■ Problem to solve ■
All of the records below are to be printed exactly; the pictures are to be left out.

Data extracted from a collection
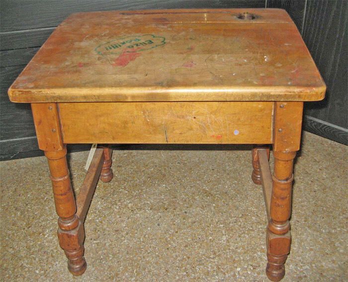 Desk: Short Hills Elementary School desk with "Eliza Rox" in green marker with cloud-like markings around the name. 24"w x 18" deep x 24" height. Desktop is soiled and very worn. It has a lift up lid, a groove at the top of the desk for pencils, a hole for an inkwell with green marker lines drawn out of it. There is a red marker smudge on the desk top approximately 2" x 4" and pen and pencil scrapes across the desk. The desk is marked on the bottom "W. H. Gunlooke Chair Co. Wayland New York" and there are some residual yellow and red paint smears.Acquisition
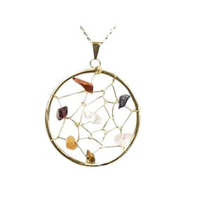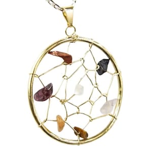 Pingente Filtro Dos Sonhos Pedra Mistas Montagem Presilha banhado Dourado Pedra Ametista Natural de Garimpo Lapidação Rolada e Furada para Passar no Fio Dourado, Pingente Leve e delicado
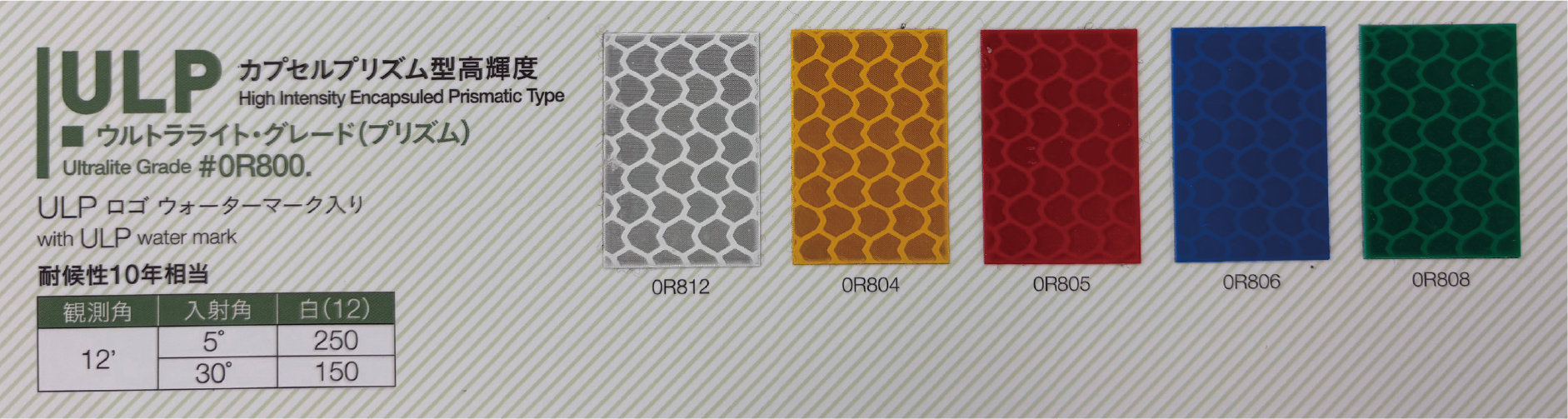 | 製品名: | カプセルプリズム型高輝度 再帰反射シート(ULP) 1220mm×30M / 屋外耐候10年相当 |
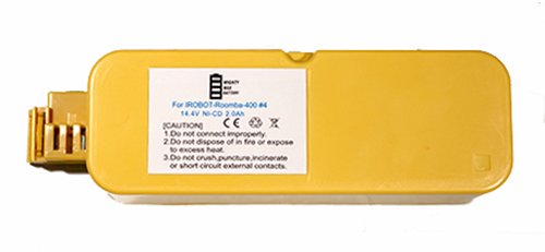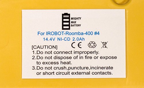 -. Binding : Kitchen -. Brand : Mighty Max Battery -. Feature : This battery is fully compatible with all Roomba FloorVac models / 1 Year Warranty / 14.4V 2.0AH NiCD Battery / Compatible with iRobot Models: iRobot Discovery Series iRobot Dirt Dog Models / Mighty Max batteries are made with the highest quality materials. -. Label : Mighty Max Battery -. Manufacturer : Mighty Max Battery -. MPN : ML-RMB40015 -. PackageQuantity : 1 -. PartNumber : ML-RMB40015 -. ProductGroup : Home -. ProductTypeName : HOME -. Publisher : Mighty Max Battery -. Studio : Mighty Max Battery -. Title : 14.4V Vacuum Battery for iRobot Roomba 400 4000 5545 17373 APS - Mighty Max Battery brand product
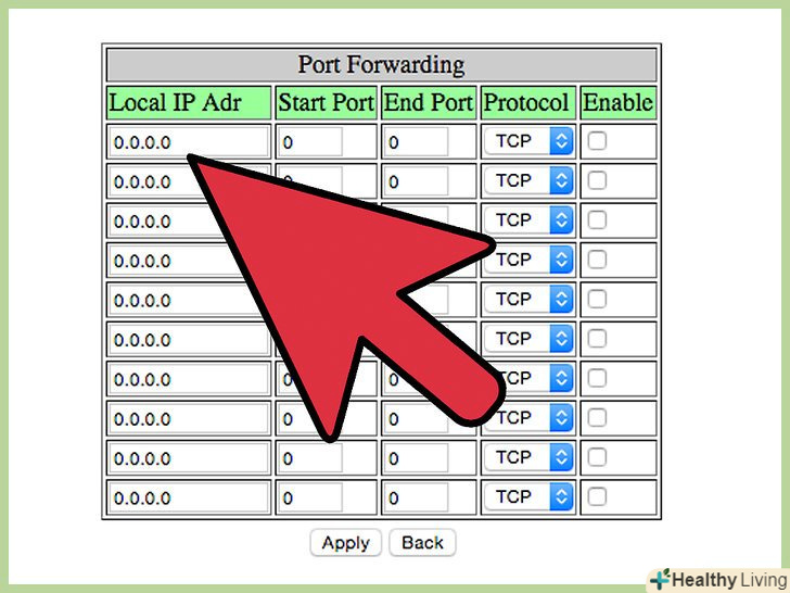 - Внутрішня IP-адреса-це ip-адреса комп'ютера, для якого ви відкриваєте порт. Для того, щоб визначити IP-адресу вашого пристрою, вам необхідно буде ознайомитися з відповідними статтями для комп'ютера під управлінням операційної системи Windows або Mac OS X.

■ Answer for this exercise ■
 Desk: Short Hills Elementary School desk with "Eliza Rox" in green marker with cloud-like markings around the name. 24"w x 18" deep x 24" height. Desktop is soiled and very worn. It has a lift up lid, a groove at the top of the desk for pencils, a hole for an inkwell with green marker lines drawn out of it. There is a red marker smudge on the desk top approximately 2" x 4" and pen and pencil scrapes across the desk. The desk is marked on the bottom "W. H. Gunlooke Chair Co. Wayland New York" and there are some residual yellow and red paint smears.Acquisition
 Pingente Filtro Dos Sonhos Pedra Mistas Montagem Presilha banhado Dourado Pedra Ametista Natural de Garimpo Lapidação Rolada e Furada para Passar no Fio Dourado, Pingente Leve e delicado
 | 製品名: | カプセルプリズム型高輝度 再帰反射シート(ULP) 1220mm×30M / 屋外耐候10年相当 |
 -. Binding : Kitchen -. Brand : Mighty Max Battery -. Feature : This battery is fully compatible with all Roomba FloorVac models / 1 Year Warranty / 14.4V 2.0AH NiCD Battery / Compatible with iRobot Models: iRobot Discovery Series iRobot Dirt Dog Models / Mighty Max batteries are made with the highest quality materials. -. Label : Mighty Max Battery -. Manufacturer : Mighty Max Battery -. MPN : ML-RMB40015 -. PackageQuantity : 1 -. PartNumber : ML-RMB40015 -. ProductGroup : Home -. ProductTypeName : HOME -. Publisher : Mighty Max Battery -. Studio : Mighty Max Battery -. Title : 14.4V Vacuum Battery for iRobot Roomba 400 4000 5545 17373 APS - Mighty Max Battery brand product
 - Внутрішня IP-адреса-це ip-адреса комп'ютера, для якого ви відкриваєте порт. Для того, щоб визначити IP-адресу вашого пристрою, вам необхідно буде ознайомитися з відповідними статтями для комп'ютера під управлінням операційної системи Windows або Mac OS X.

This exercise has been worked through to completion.